Steinbrück sprach davon, dass durch die „wachsende Ungleichheit“, das „Aufstiegsversprechen“ verloren gegangen sei. Die SPD müsse Politik „für selbstbewusste und selbstbestimmte Menschen in unserem Land“ machen, sie müsse „Anwalt der Existenzgründer sein“. Er wende sich an alle, die „etwas vorhaben“, die „tüchtigen und fleißigen Menschen“.

Nichts dagegen, aber was ist mit dem Teil der Gesellschaft, der wirtschaftlich benachteiligt ist, dem Selbstbewusstsein und Selbstbestimmung genommen wurden und der tüchtig und fleißig sein will und dennoch auf keinen grünen Zweig kommt? Das ist gerade der Teil der Gesellschaft, der die Solidarität am meisten brauchte. Die armutsgefährdeten und wirklich Armen hat Steinbrück in seiner Rede offenbar vergessen. Sie kommen in seiner Vorstellung von sozialer Gerechtigkeit nicht (mehr) vor. Sind es aber doch gerade sie, die die „Triebkräfte“ am weitesten an den Rand gedrängt haben, noch mehr, die von der Gesellschaft schon abgespaltet sind.

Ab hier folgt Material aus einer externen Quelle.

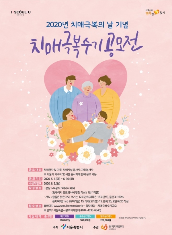 나백주 서울시 시민건강국장은 “가족, 종사자들은 희망과 용기를 더하고 이웃들은 치매에 대한 편견을 없애는 기회가 될 수 있도록 공모전에 많은 참여를 바란다”고 말했다.

Steinbrück positioniert die SPD auf eine Partei, die sich um die (untere bis obere) Mittelschicht kümmern will, die Unterschicht wird schlicht ausgeblendet oder abgeschrieben.

Wenn die SPD eine Chance haben will, ihre derzeitigen Umfragewerte zu verbessern, dann muss sie aber gerade auch diejenigen erreichen, die ausgegrenzt sind und den noch viel größeren Kreis derjenigen, die sich von Ausgrenzung bedroht fühlen und die deshalb nicht mehr zur Wahl gehen.